My friend Lawrence doesn’t consume fiction. He doesn’t read fiction books and he definitely doesn’t watch any TV. To Lawrence, the crises of the world are so big, and time so short, that he needs to spend as much time as possible becoming an intelligent and effective tool for change. He does this through reading, writing, dialogue and collaboration.

Lawrence is a beast. He’s the most productive person I know. He doesn’t waste a minute of his time. He’s a super impressive person and I’d expect no less from him. When he says he doesn’t value fiction, I know he’s not arguing that we should all give up the art of fiction and storytelling (although he might argue that we should give up TV), but rather that he personally finds no value in consuming it. My girlfriend feels the same way.
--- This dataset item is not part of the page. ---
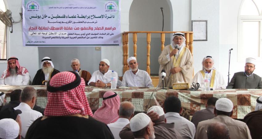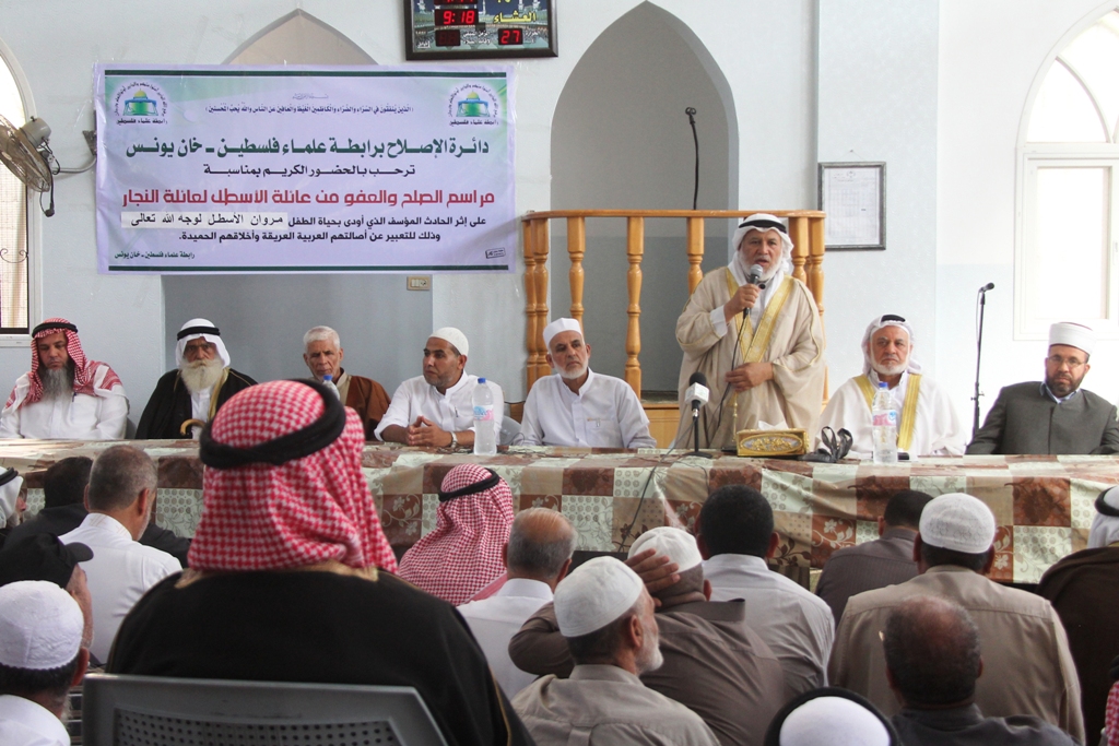 عقدت رابطة علماء فلسطين اليوم الأحد، مهرجان الصلح والعفو بين عائلتي الأسطل والنجار بمحافظة خانيونس، وذلك على إثر الحادث المؤسف الذي أودى بحياة الطفل مروان الأسطل. وحضر مراسم الصلح رئيس الرابطة النائب د. مروان أبو راس، ورئيس دائرة الإصلاح النائب د. سالم سلامة، ورئيس فرع الرابطة بمحافظة خان يونس أ. محمد الفرا، وعضوي الرابطة النائب د. يونس الأسطل، و د. إبراهيم النجار، والشيخ طارق الأسطل مدير لجان إصلاح محافظة خان يونس، وجمع كبير من المخاتير والوجهاء ورجال الإصلاح. وتحدث أبو راس عن فضل الإصلاح عن الله، ثم ذكر قوله تعالى: {لاَّ خَيْرَ فِي كَثِيرٍ مِّن نَّجْوَاهُمْ إِلاَّ مَنْ أَمَرَ بِصَدَقَةٍ أَوْ مَعْرُوفٍ أَوْ إِصْلاَحٍ بَيْنَ النَّاسِ وَمَن يَفْعَلْ ذَلِكَ ابْتَغَاء مَرْضَاتِ اللّهِ فَسَوْفَ نُؤْتِيهِ أَجْراً عَظِيماً، وَمَن يُشَاقِقِ الرَّسُولَ مِن بَعْدِ مَا تَبَيَّنَ لَهُ الْهُدَى وَيَتَّبِعْ غَيْرَ سَبِيلِ الْمُؤْمِنِينَ نُوَلِّهِ مَا تَوَلَّى وَنُصْلِهِ جَهَنَّمَ وَسَاءتْ مَصِيراً}. وتحدث معلقاً على هذه الآية: " إن التناجي يجب أن يكون في مجالات الخير، ولا يجوز أن يكون التناجي بالشر، ولذلك ذَكَّر ربنا سبحانه وتعالى بأنه يجب على المسلم أن يتبع النبي صلى الله عليه وسلم، وأن يسلك سبيل المؤمنين، ولا يجوز أن نخرج عن هذا السبيل، وسبيل المؤمنين هو في طاعة الله عز وجل، وتحكيم شرعه، ونحن في رابطة علماء فلسطين لا نقضي إلا بما شرَّع الله تبارك وتعالى في كل القضايا التي تصل إلينا ". ونوه إلى أحكام شريعتنا الغراء التي من أبرزها التراضي والتصافح بين المسلمين الذي هو أرقى أنواع القضاء، وأكد بقوله : "نحن كل هدفنا في لجان الإصلاح أن نجمع الناس على محبة وعلى القلب الواحد". وشكر رجال الإصلاح ورئيس الدائرة سالم سلامة على جهودهم المتواصلة في لجان الإصلاح. وفي نهاية كلمته تقدم بالشكر لعائلة الأسطل لصفحهم وتسامحهم وثمن موقفهم الكريم. وفي كلمتين منفصلتين للعائلتين المتصالحتين شكروا جهود لجان الإصلاح التي بذلت بشكل متواصل من أجل الإصلاح والتوفيق بينهم. وفي نهاية مهرجان الصلح تلا سلامة سند المصالحة والعفو بين العائلتين، وشكر جهود لجان الإصلاح التي بذلت للإصلاح بين العائلتين.

I love fiction. I am an emotional and intuitive type more than knowledge-based, sensing type (I’m an INTP). I wonder if I’m even more of an artist than a designer, despite my job title (I haven’t thought about that before). Here are some reasons why I continue to consume and create fiction, even in a world that needs a massive reality check and that needs to train intelligent knowledge+justice workers and design thinkers like Lawrence, ASAP.
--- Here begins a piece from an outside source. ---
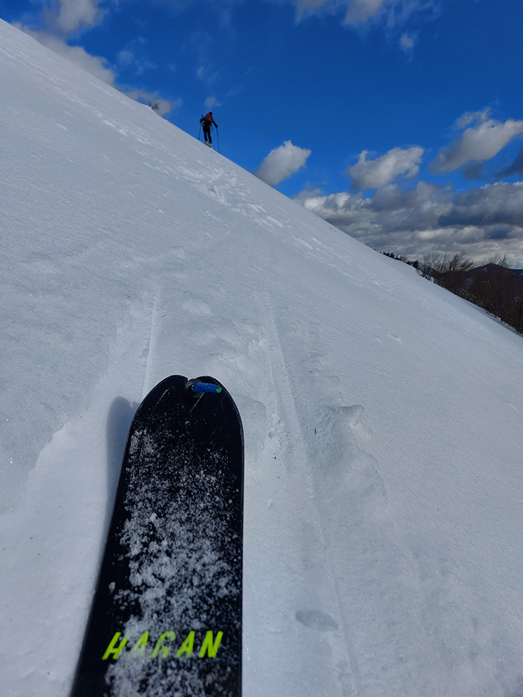 Nešli sme nazad na Malý, ale pekne poslušne po zelenej značke a ku dvojkrížu na Končitej, že skúsime zlyžovať na druhú stranu, popod vleky do Revúc. Dážď pekne zalial stopy predchodcov, tak sme sa aj tam trochu motali, ale pod vrcholom už sme čosi ako stopu našli. Hore zúril krtko a ten protivný vietor, tak rýchlo dole popri vlekoch. V istej výškovej „medzivrstve“ sa aj tu dal nájsť dobrý sneh na oblúky, ale aj tak prevažoval hore betón a nižšie prepadanie do kôry. Ani tu sme úplne dole radšej nezišli, nestálo to za to (okrem výhľadov):

A) Whats the point of sentience without it. Art is our gift. Making up stuff that doesn’t matter is sometimes, to me, is the only thing that separates us from being a banana. Yes, we have crises to solve, but if our lives aren’t full of art and emotion, what’s the point?

B) Storytelling is a super powerful tool for change. Fables, myths and metaphors carry more meaning and power than straight knowledge. I want to build a just world by telling stories about it that help people relate to and share my vision.

C) Information overload is killing me. Sometimes my brain just doesn’t have the capacity for another podcast or article. Passive story listening or reading let’s my brain recharge from a decision-heavy day while still expanding my understanding of the world.

All that being said, some fiction is simply more valuable than other. If a story doesn’t demonstrate how a character evolves through the story in some way, or if doesn’t reflect on society or our own individual hopes, fears and tendencies, then it’s less interesting to me. If the story doesn’t question or explore some aspect of humanity that makes us rethink our own relationships, then I get bored. Written fiction often accomplishes these things way better than TV.